Salários altos para funcionários com histórico de baixa qualificação é outra constante no gabinete de Carlos Bolsonaro. O feirante Barbosa, por exemplo, é amigo de outro assessor do vereador, o ex-motoboy Alexander Florindo Baptista Júnior, que como ele só tem o ensino médio, concluído em supletivo aos 22 anos. Salário atual do motoboy: 15 900 reais líquidos. “Parabéns vagabundo”, postou o ex-feirante no aniversário do parça. “Tmjs (Tamo juntos) vagabundo”, respondeu ele. Baptista, que mora em uma área paupérrima da Baixada Fluminense, foi visto pela reportagem, em uma sexta-feira à tarde, levando um parente para cortar o cabelo. Seu padrasto, João (não quis dar o sobrenome), conta que o rapaz chegou a fazer bicos como motoboy para complementar o que ganha na Câmara de Vereadores — “um salário de uns 4 000 reais”, calcula. Quando ouviu da reportagem a quantia estampada no holerite, João arregalou os olhos, surpreso. Amigo dos Bolsonaro, Barbosa posta fotos com o presidente e esteve no casamento de outro filho, o deputado Eduardo Bolsonaro.

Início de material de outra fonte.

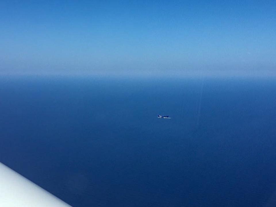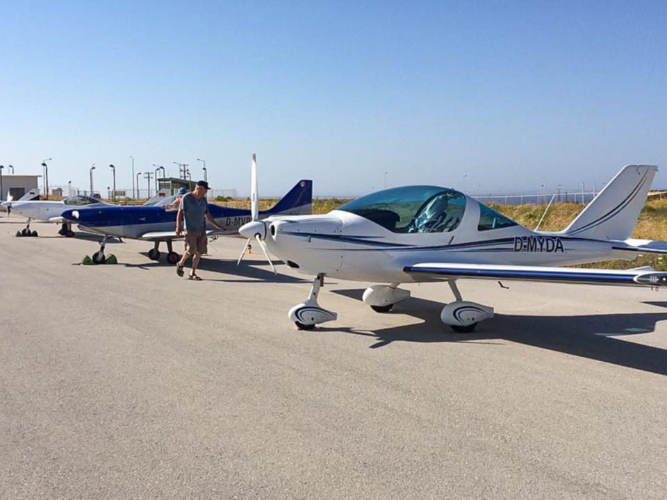 Taxi zum Platz. Und tatsächlich findet sich sogar auf dieser winzigen Insel eine Handling-Agency, welche fürs Nichtstun Geld bekommt. Das Ganze ist grotesk: während Ernst und Thomas bereits auf dem Vorfeld an der MF schrauben, werden Hartmut und ich auf dem Tower vom Handling erwischt – Dokumente, Personen- und Gepäckkontrolle – das volle Programm mit der unvermeidlichen Rechnung. Kurz vor dem Abflug rollt die Feuerwehr sage und schreibe 35 m übers Vorfeld, um uns mitzuteilen, dass Sitia geschlossen hat. „Fake-News“? oder nicht - wir starten einschließlich Tiefanflug über das Segelboot von gestern. Steigen, gerade ausfliegen, jede Idee ist nötig, um den hohen Triebwerkstemperaturen zu entkommen. Dabei verliert sich die Formation, um sich 15 Minuten später wieder zusammen zu finden. Eine reichliche Stunde übers Meer, dann endlich Land in Sicht. Ein extralanges Finale auf Sitia ermöglicht den Anflug auf einen wie einen Flugzeugträger liegenden Platz im Osten Kretas.
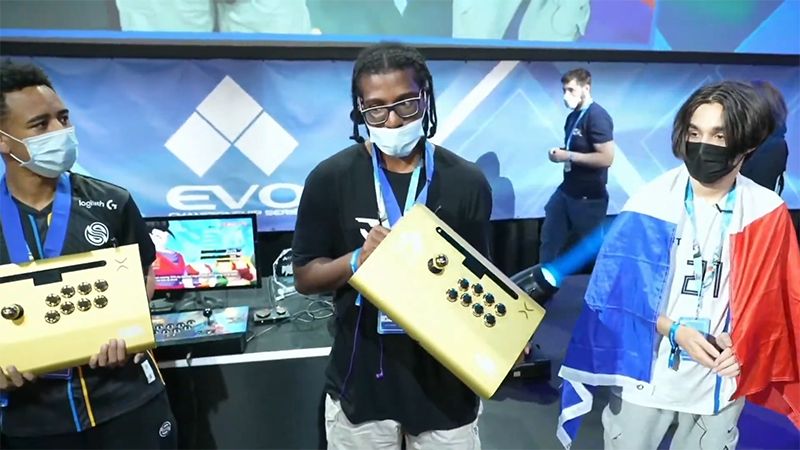 Die Preisverleihung fand im Anschluss an das große Finale statt, bei dem die folgenden drei Erstplatzierten goldfarben schimmernde Arcade-Steuerpads erhielten: Yasha aus Frankreich (3. Platz, Bild links), Nitro aus den USA (2. Platz, Bild Mitte) und Wawa aus Frankreich (Platz 1, Bild rechts). Wir freuen uns darauf, diese drei bei der Dragon Ball FighterZ World Tour 2022–2023 weiterzuführen!

A proximidade entre todos, porém, raramente, se dá em ambiente de trabalho. Com as gravações e anotações dessas rotinas, VEJA voltou recentemente à sala 905 do Palácio Pedro Ernesto, que, desta vez, estava aberta. Segundo o assessor que nos recebeu, uma das justificativas para o gabinete costumar estar às moscas foi de que parte da força de trabalho atuava em uma espécie de Q.G. do clã Bolsonaro em Bento Ribeiro. Fomos até lá. Na casa, cercada de grades, câmeras e vidros escuros, quase não há movimento. Nas cinco vezes em que VEJA tocou o interfone do imóvel, só foi atendida em uma e a pessoa informou que seguia uma “escala”, sem mais detalhes. Impedir a compreensão desse singular regime de trabalho, com funcionários ausentes e muito bem remunerados, parecia ser a intenção do advogado Medeiros ao prestar uma queixa infame contra a jornalista Sofia Cerqueira. Não conseguiu.